##### Records for this task

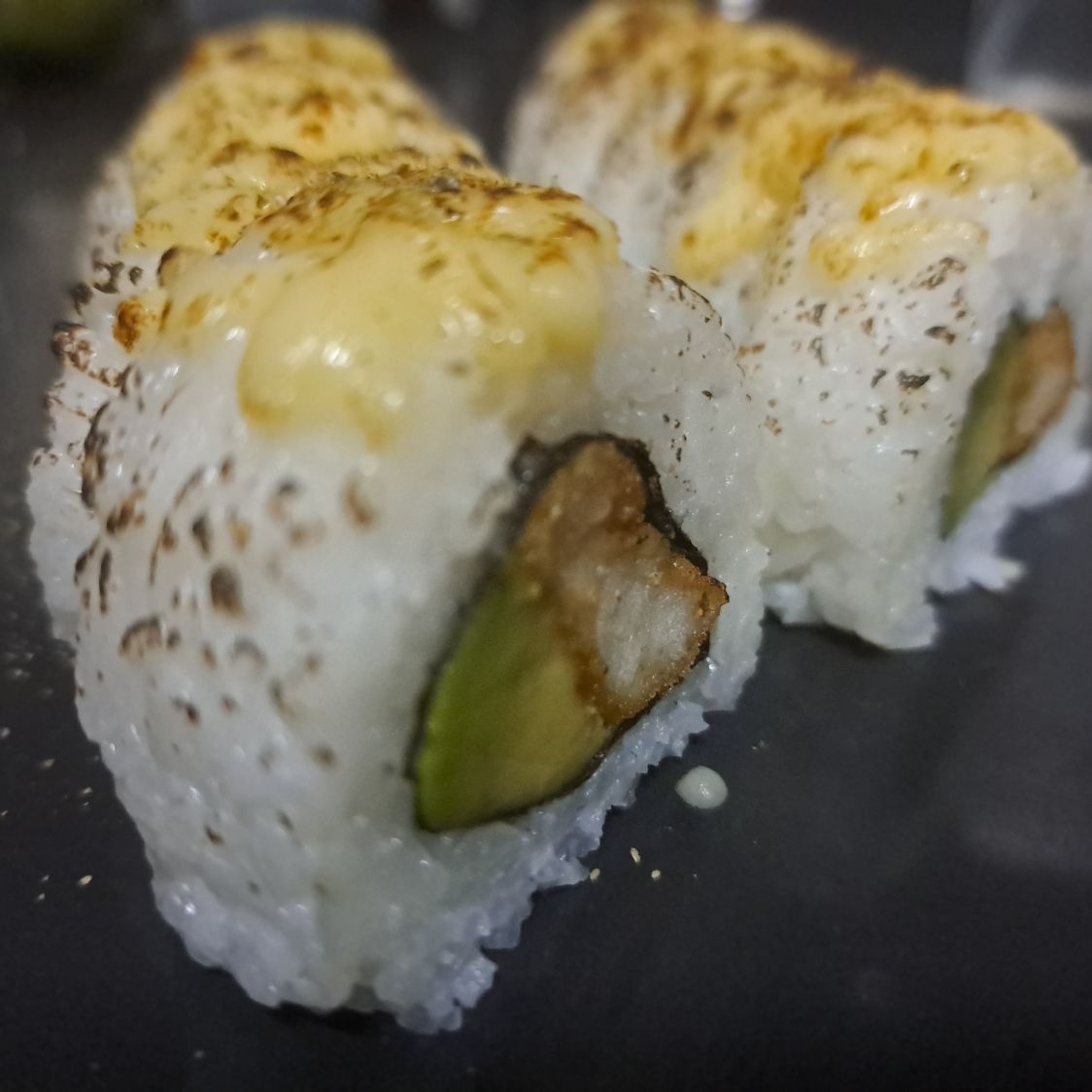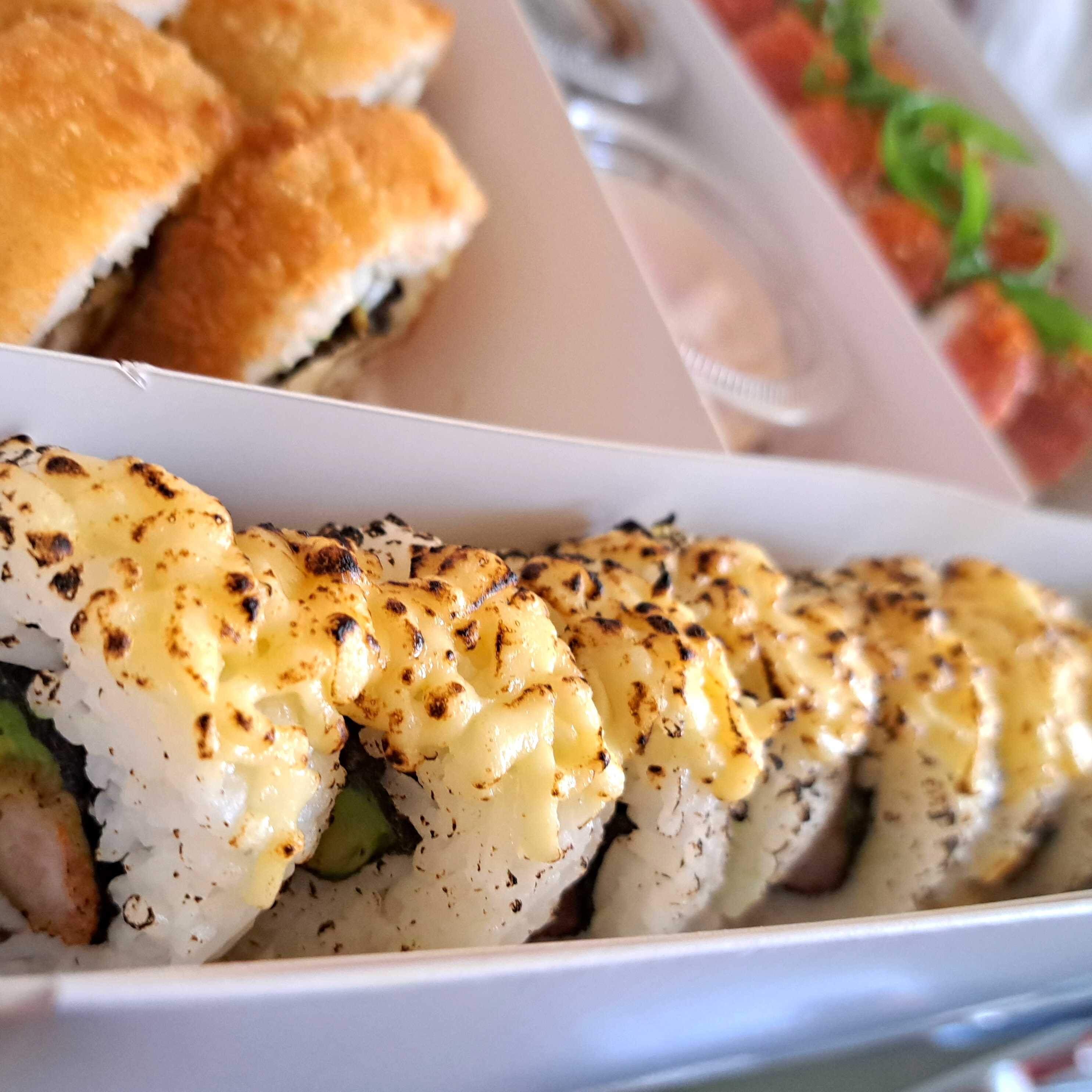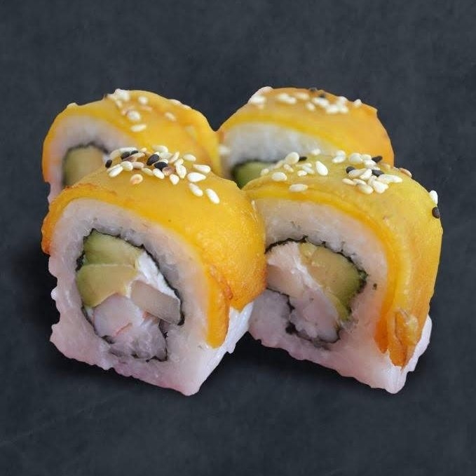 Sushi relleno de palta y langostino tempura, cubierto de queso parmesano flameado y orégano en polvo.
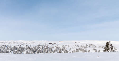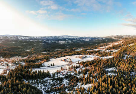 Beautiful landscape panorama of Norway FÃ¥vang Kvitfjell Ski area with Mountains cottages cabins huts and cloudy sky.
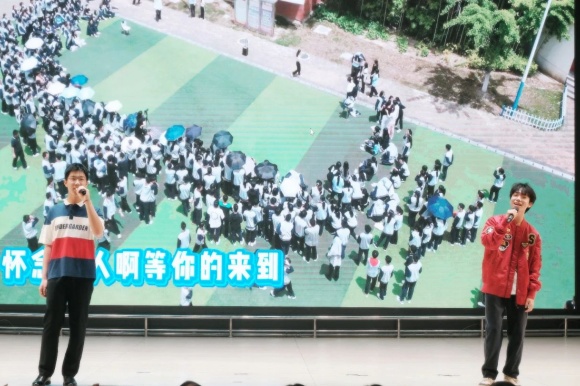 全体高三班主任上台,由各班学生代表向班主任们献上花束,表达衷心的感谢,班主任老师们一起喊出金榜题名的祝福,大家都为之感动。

##########
##### Records for this task

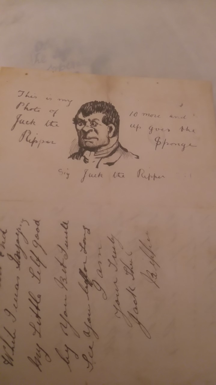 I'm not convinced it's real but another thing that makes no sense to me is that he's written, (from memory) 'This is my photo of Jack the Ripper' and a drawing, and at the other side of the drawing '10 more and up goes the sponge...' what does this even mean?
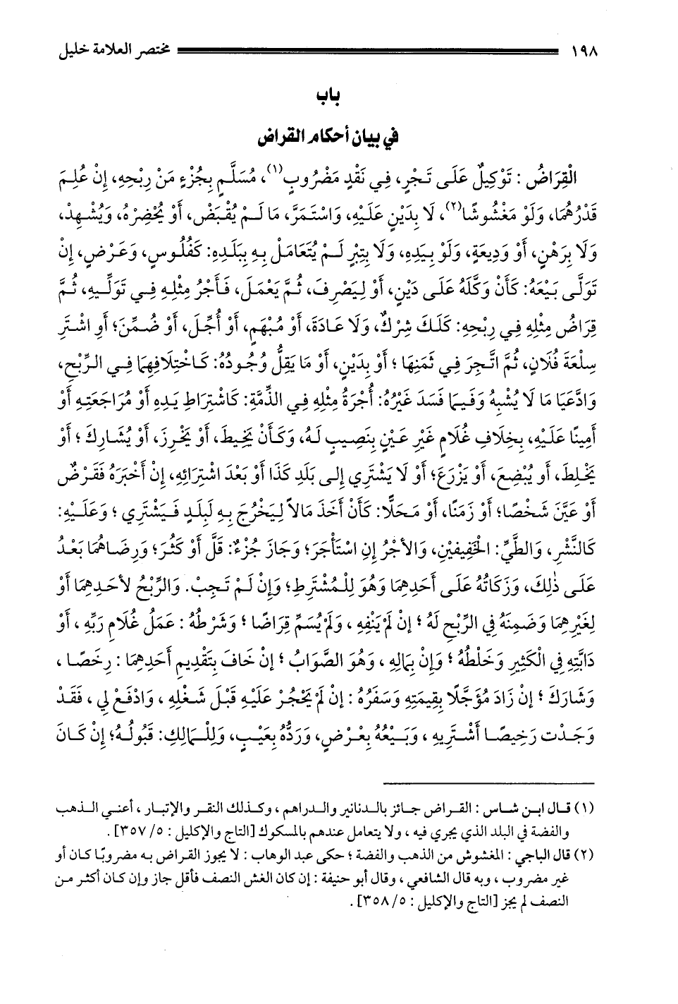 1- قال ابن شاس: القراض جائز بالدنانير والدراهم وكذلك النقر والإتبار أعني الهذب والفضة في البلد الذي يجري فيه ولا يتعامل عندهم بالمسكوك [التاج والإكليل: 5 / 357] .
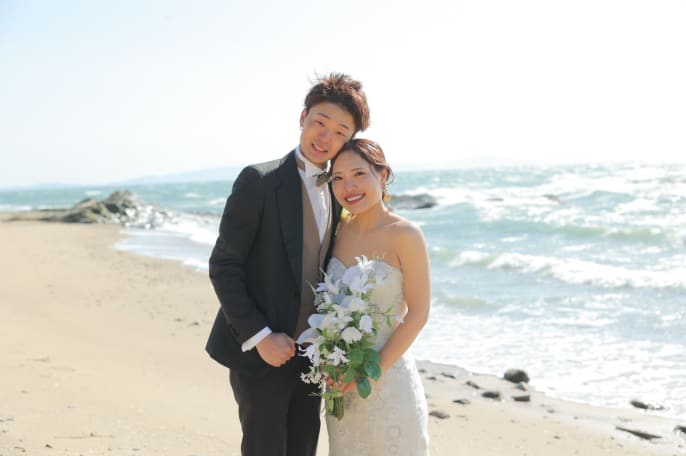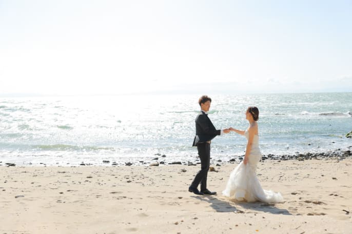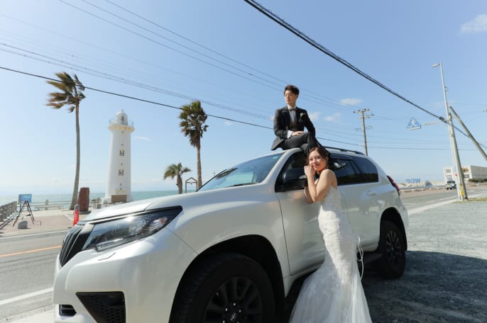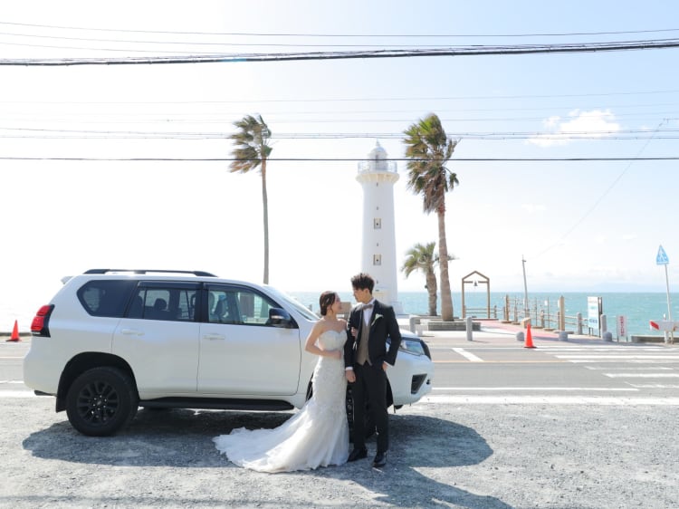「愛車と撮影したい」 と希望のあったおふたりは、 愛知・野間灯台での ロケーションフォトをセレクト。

##########

### Task instructions
Quote word for word only the lines above from the one containing "Sushi relleno de" through the one containing "全体高三班主任上台,由各班学". Pictures stay out of your copy.

### Answer box
 Sushi relleno de palta y langostino tempura, cubierto de queso parmesano flameado y orégano en polvo.
 Beautiful landscape panorama of Norway FÃ¥vang Kvitfjell Ski area with Mountains cottages cabins huts and cloudy sky.
 全体高三班主任上台,由各班学生代表向班主任们献上花束,表达衷心的感谢,班主任老师们一起喊出金榜题名的祝福,大家都为之感动。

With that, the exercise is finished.